Cosmic Alignment Festival
Edward S. Zuckerman
The organizers of the festival are “Cosmal and Ali Laz”, very cool peeps who did an excellent job of pulling things together in their 4th CA festival. In addition to organizing the event, Cosmal is an EDM DJ, who adds layers to his sonic creations with guitar, and processed vocals, while Ali Laz paints a complete work of art onstage during the set. The duo graced the festivals stages for Friday and Saturday performances.
I’m not 100% sure what the best industry terminology was for the kind of music prevalent at the festival. Trance Music, Psybient Music, Tech House, Jamtronica were all represented at the event. To paint the scene, many of the music acts feature a person (or two) at a big mixing board, triggering prerecorded music sequences, heavily embellished with looping effects, overlays, and other weirdness, centered around monster grooves. There also seemed to be a heavy reliance on “Super Bass.” However, I found myself being far more entertained by the bands with instruments, and for those acts, I preferred to be watching the stage. My favorites of the festival were: The Last Superstar, Consider the Source, Psymbionic, Cosmal & Ali Laz, and of course, Shpongle!
Being a follower of Shpongle, this festival came on my radar screen a few months back. And although I wasn’t familiar with most of the musical acts, with Shpongle on the bill, I knew the rest of ’em would be similarly “out there”. And as a lover of strange music, I was sold! This festival also had a little bit more of the “awareness” element to it, with a long list of interactive workshops (Yoga, Kung Fu, Hula Hooping, etc)….not normally what I chase after but it gave the festival character.
I opted to be a “volunteer”, which meant free admission in exchange for two 6 hour shifts. I’d also get a staff T shirt, 2 meal tickets. When I go to a festival solo, I’ve found that volunteering is really a win-win-win situation all around. It’s a good way to quickly feel more connected to the scene. And I love the idea of supporting small grassroots festivals.
On a more self-serving note, I like having some sort of purpose, and a huge advantage is the staffers get taken care of pretty well, sometimes rivaling VIP status. Every festival-provided meal avoids an hour long ordeal back at the campsite, and it’s also a fast track to making a few new friends.
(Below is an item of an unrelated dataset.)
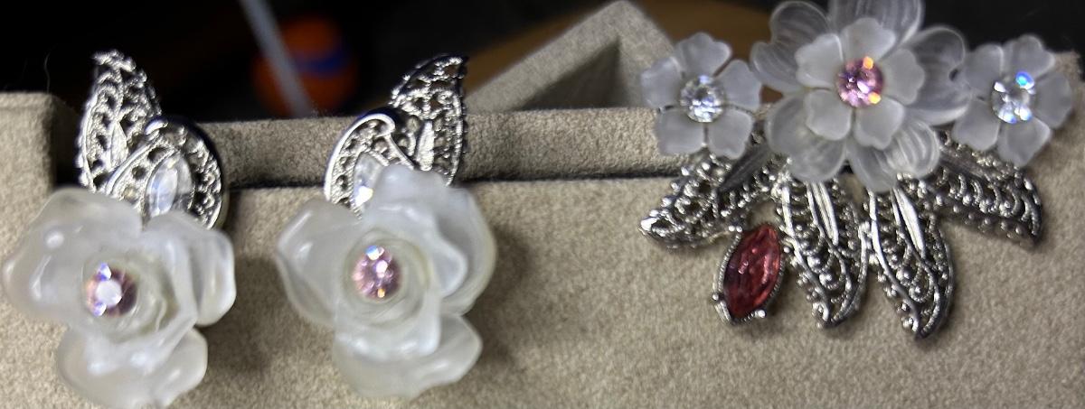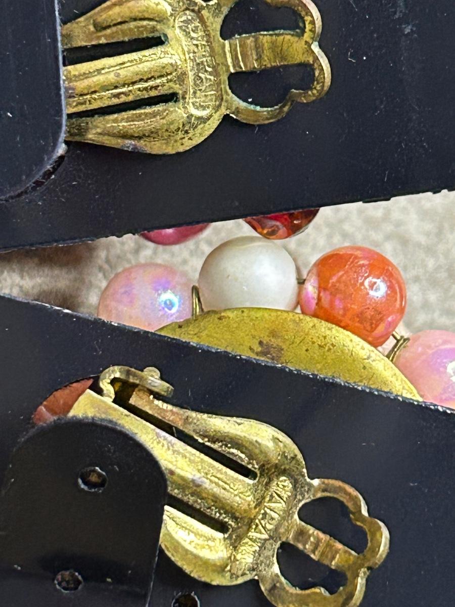 Japan, western Germany, 3 pair of pierced earrings. 1 bangle, this sugar glaze necklace is fire!! 1 brooch & clip on set.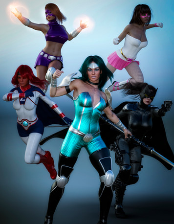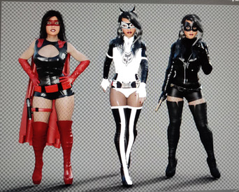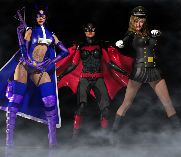 After some high profile wins and some even higher profile losses, the Super City Seven decided on a global recruiting drive to bring more heroines into the city to do battle with the growing population of nefarious villains.From left to right: Mariquita (from Mexico City), Long Bow (from London), and Civet (from Lagos). Mariquita is very fast and an empath, Long Bow is obviously an archer, and Civet is nimble, strong, and she secretes civet oil which most people find absolutely alluring and irresistible in small doses.

During my explorations around the grounds, I saw a couple of carpenter’s frantically working under the gun in the dark to build the mainstage! Feeling their struggle, I jumped in as a carpenter’s assistant and tried my hardest to stay one step ahead of the workers. My volunteer shifts were satisfied as “setup crew” by Friday afternoon, and I was in pure party mode after that…just about when the music was getting underway, and it couldn’t have worked out any more perfectly! I pity the poor folks tasked with tearing that thing down on Sunday though. Yikes! That stage was NOT built to be torn down, it was built to last thru the next ice age!
In the daytime there was always some kind of entertainment with folks painting the front of the stage, group canvas painting in a grove of trees, and Hula Hoopers galore. At one point, an enrapturing young girl spread a huge sheet on the ground, threw a bunch of day glow paint on in, all sorts of glitter, and rolled and splashed around on it in some sort of warped erotic body painting adventure.
And as the sun set there was no shortage of entertainment thanks to the fire performers. Everywhere I turned, there was something artistic to feast my eyes on. Lots of whimsical art decorations in the vendor village that was packed with art that seemed to be a cut above.
Eventually, Shpongle’s set came along. A Simon Posford DJ set accompanied by a wild projection light show. (Not the Shpongletron though). I found it interesting to compare other artists with similar equipment to Simon. Most people can’t hold a candle to him. His performances are just hands down, full-on psychedelic weirdness in all its glory.
The Blue Mountain Campground served us well too. A cozy little campground not far from Hunter Mt. that had everything needed for a successful festival. Although there was plenty of portojohns around and plenty of water spigots here and there, my only minor complaint is that they locked up the building with the showers and flush toilets. Having done my research on the campground, knowing it had bathroom facilities took me by surprise. Fortunately I roll prepared and was able to self-support my hygiene needs with my truck side shower.
My final consensus of Cosmic Alignment is that the large group of attendees (I estimate 400 people) brought an immense amount of positive energy. It felt like a secret party where only the cool people were invited. Smiling, happy people working hard to have a really good time! The energy was infectious. If you walked away from that festival feeling depressed, you were doing something wrong. It was really a magical, beautiful event. Did I actually get “Cosmically Aligned”? I’d like to believe I did!